It’s common knowledge these days that Wall Street has a lot to answer for. After the events of the 2007-2008 financial crisis, one would hope that governments would crack down on the excesses at the heart of global finance.
Sadly, that simply has not been the case, and the injustice of this state of affairs is perfectly personified by Steve Cohen, a Wall Street investor who made billions of dollars by attaining a “black edge” over fellow investors.
Cohen procured illegal, or “black,” insider information about companies’ performances in order to gain an advantage over fellow investors. To the outside world, he was miraculously lucky, always betting on the right companies at the right time. In reality though, he was almost certainly utilizing an unfair advantage to surpass his rivals.
In 2008, in the midst of the worldwide financial crisis, US federal agents were in the process of taking down Raj Rajaratnam, a Wall Street titan, when they discovered something fascinating.
Rajaratnam was illegally using inside information from companies; he traded on this information and profited from it massively. The agents were intrigued at how one name kept cropping up during interviews with Wall Street insiders: Steve Cohen.
Was there an even larger case waiting to be uncovered? Rajaratnam, it turned out, was small fry – the investigation was only just getting started.
So who is Steve Cohen? Let’s start from the beginning.
Steve Cohen was born in 1956 and grew up in a middle-class family on Long Island, New York. From a young age, he was fascinated with finance.
As a student at the famous Wharton School at the University of Philadelphia, he read the Wall Street Journal every morning and followed the stock market. He was talented too: he played poker with his fellow students and made a lot of money doing so.
In 1978, fresh out of Wharton as a 21-year-old, he landed a job at Gruntal & Co., a New York brokerage firm. Even then, his skills shone through: in one afternoon, he made $4,000, a huge figure in 1978.
Cohen was successful, making $5 million to $10 million a year. But it didn’t take long for the first signs of wrongdoing to appear as he faced charges of insider trading.
In 1985, the Securities and Exchange Commission, or SEC, looked into Cohen’s transactions. Cohen had received inside information through a friend about an imminent takeover of electronics company RCA by General Electric. Cohen invested heavily in RCA shares and made $20 million in profits when the takeover was announced.
Even though the criminal case was later dropped, it strongly indicated Cohen had a somewhat unorthodox approach to trading.

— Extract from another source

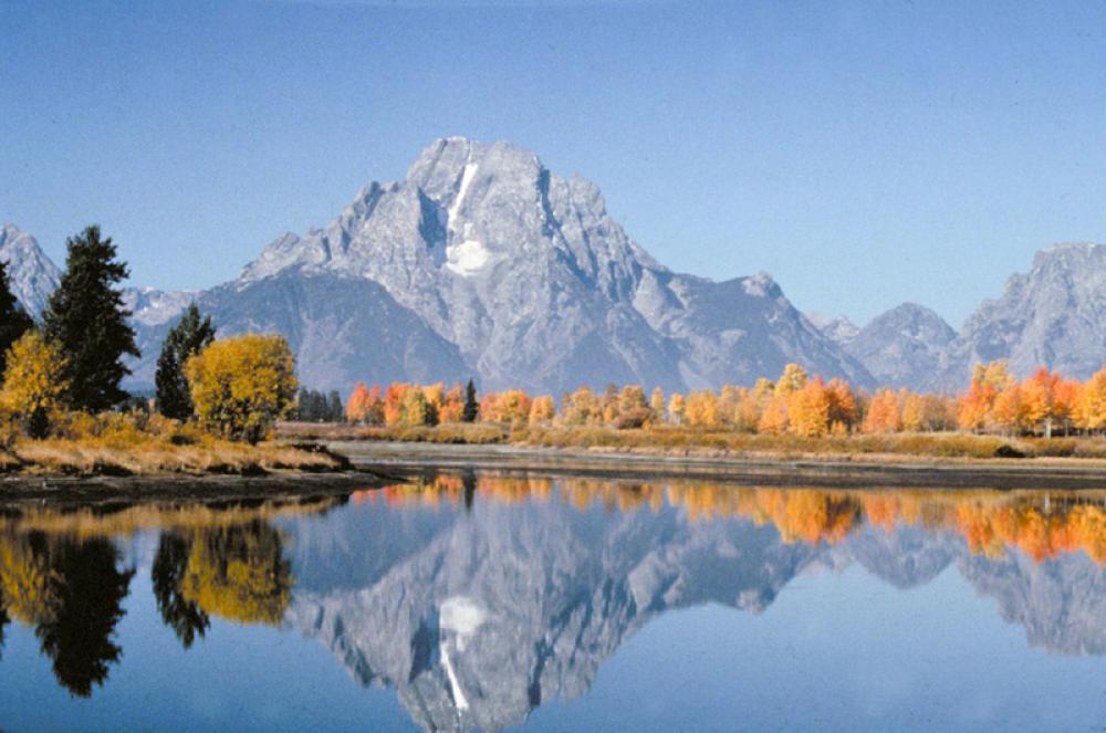 Mount Moran and Lake reflection landscape in Grand Teton National Park, Wyoming free photo

Within 14 years, Cohen moved from being a lowly junior trader to a revered Wall Street personality. It would only be a matter of time before he wished to break free of Gruntal and venture out on his own.
So it was that in 1992, Cohen founded his own investment firm, SAC Capital Advisors, using his own initials for the company name. It was a hedge fund that profited by investing money gathered from different individuals and institutions.

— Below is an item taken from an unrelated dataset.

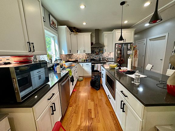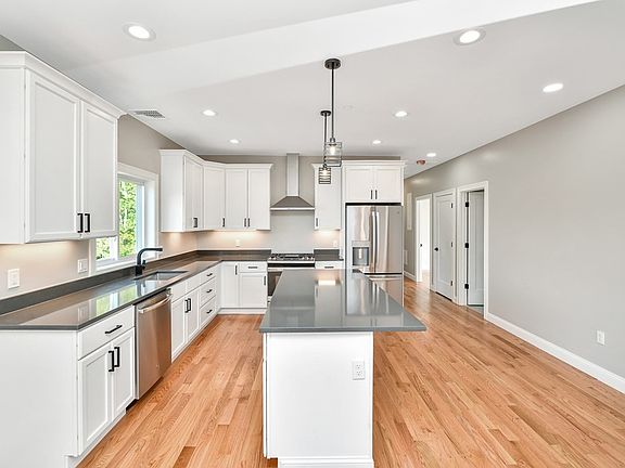 Available 8/1/25. This New Construction 3 bedroom unit has high end finishes throughout! The living & dining room is open to a wonderful Chef's Kitchen with quartz countertops and contemporary stainless steel appliances. The natural hardwood floors and high ceilings in every room add a luxurious touch. The primary suite includes a spa-like bathroom with a grand shower that has custom glass doors, floating vanity with double sinks and a spacious walk-in closet. Laundry in Unit. Off Street parking. Storage in Basement. Central A/C.

Cohen began with $23 million and nine employees, and met with astronomical success. In just three years, SAC had quadrupled in size to $100 million. After that, SAC doubled each year, surpassing $1 billion in assets by 1999.
Cohen’s pockets were overflowing. But just how did he manage to make so much so quickly?

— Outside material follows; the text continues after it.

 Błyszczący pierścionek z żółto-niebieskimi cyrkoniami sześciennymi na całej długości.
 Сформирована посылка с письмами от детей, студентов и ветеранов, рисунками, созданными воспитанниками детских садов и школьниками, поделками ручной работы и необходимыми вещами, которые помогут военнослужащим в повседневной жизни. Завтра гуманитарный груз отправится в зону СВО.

Cohen bet on short-term movements in stock prices. Each day, he gathered information about the market, bought large numbers of shares and then sold them when their price rose.
But it eventually became more complicated than that. In fact, SAC systematically attempted to receive and trade on inside information.
By the late 90s, SAC was finding it more difficult to profit from short-term trading, and Cohen sensed that things needed to be turned up a notch.
Until that point, his traders were unaware of the industries or companies whose shares they were trading. In response, Cohen started to hire
traders with a “fundamental edge,” that is, traders with deep knowledge, expertise or personal connections in a particular industry.
SAC wanted people who knew and would reveal valuable intelligence – in other words, inside information.
This Steve Cohen documentary is based on Black Edge book by Sheelah Kolhatkar.